### Exercise objective
Output the full listing below exactly; the images stay out.

### Data
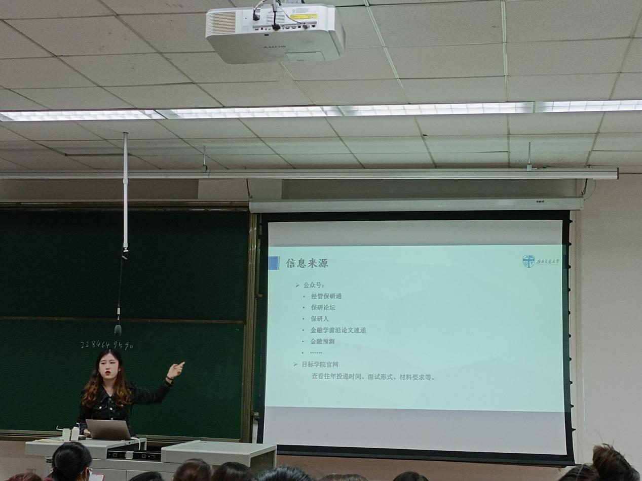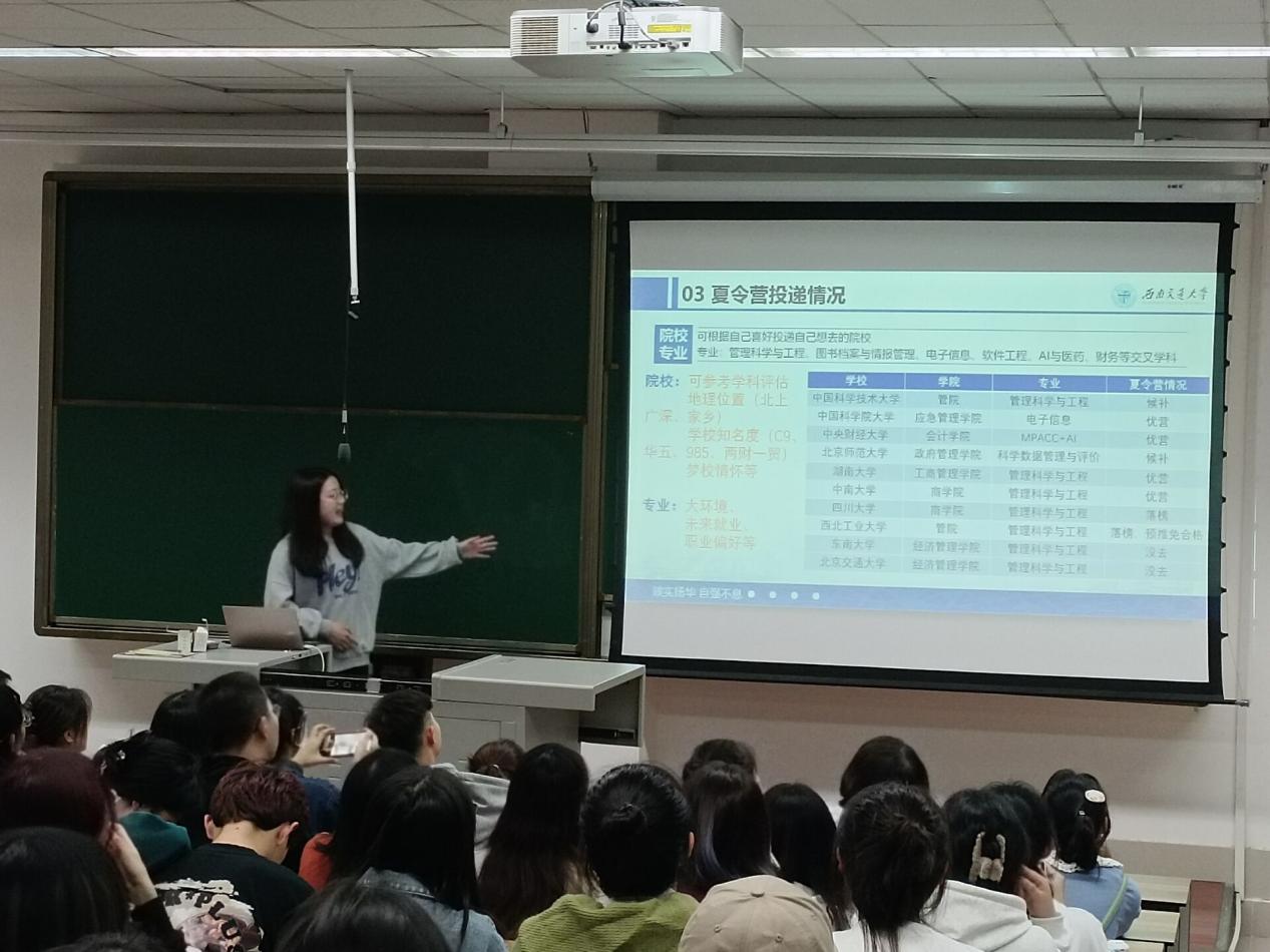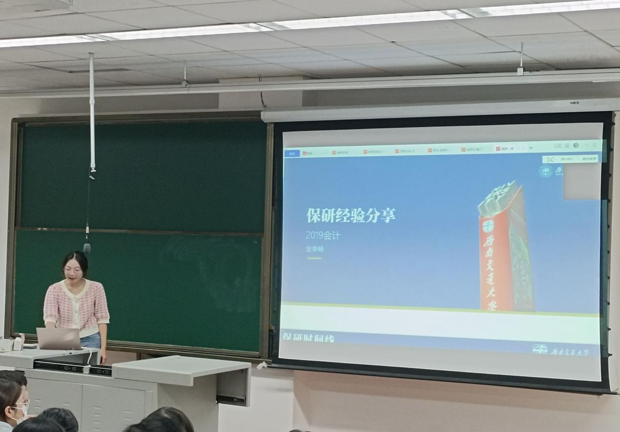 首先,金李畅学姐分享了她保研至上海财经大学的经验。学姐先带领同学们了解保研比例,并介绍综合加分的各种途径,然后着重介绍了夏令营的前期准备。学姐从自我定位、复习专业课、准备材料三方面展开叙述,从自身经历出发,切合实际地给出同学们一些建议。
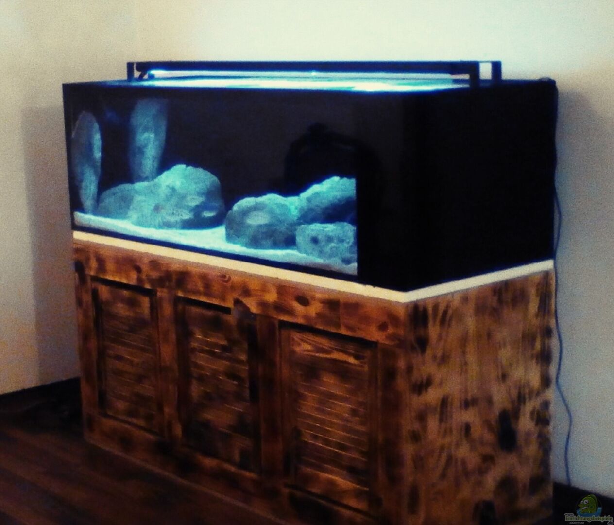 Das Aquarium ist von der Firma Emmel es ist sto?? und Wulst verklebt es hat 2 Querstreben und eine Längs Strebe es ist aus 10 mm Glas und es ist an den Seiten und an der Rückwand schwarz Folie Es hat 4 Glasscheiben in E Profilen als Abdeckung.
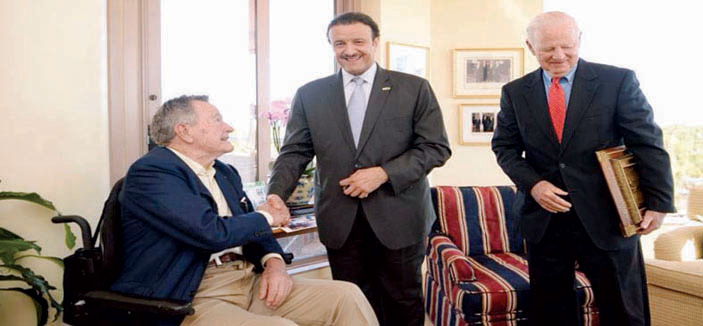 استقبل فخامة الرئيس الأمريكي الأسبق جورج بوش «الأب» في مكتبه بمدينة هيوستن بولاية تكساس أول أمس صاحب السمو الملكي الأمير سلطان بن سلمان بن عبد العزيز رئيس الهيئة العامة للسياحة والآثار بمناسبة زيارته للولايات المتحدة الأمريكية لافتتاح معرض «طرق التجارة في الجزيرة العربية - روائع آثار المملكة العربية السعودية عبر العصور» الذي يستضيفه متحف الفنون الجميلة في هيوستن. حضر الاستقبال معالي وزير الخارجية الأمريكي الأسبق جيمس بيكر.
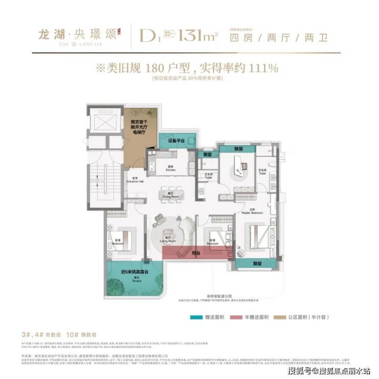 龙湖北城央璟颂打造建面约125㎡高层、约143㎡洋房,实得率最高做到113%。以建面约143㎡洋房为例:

### Answer to the problem
 首先,金李畅学姐分享了她保研至上海财经大学的经验。学姐先带领同学们了解保研比例,并介绍综合加分的各种途径,然后着重介绍了夏令营的前期准备。学姐从自我定位、复习专业课、准备材料三方面展开叙述,从自身经历出发,切合实际地给出同学们一些建议。
 Das Aquarium ist von der Firma Emmel es ist sto?? und Wulst verklebt es hat 2 Querstreben und eine Längs Strebe es ist aus 10 mm Glas und es ist an den Seiten und an der Rückwand schwarz Folie Es hat 4 Glasscheiben in E Profilen als Abdeckung.
 استقبل فخامة الرئيس الأمريكي الأسبق جورج بوش «الأب» في مكتبه بمدينة هيوستن بولاية تكساس أول أمس صاحب السمو الملكي الأمير سلطان بن سلمان بن عبد العزيز رئيس الهيئة العامة للسياحة والآثار بمناسبة زيارته للولايات المتحدة الأمريكية لافتتاح معرض «طرق التجارة في الجزيرة العربية - روائع آثار المملكة العربية السعودية عبر العصور» الذي يستضيفه متحف الفنون الجميلة في هيوستن. حضر الاستقبال معالي وزير الخارجية الأمريكي الأسبق جيمس بيكر.
 龙湖北城央璟颂打造建面约125㎡高层、约143㎡洋房,实得率最高做到113%。以建面约143㎡洋房为例:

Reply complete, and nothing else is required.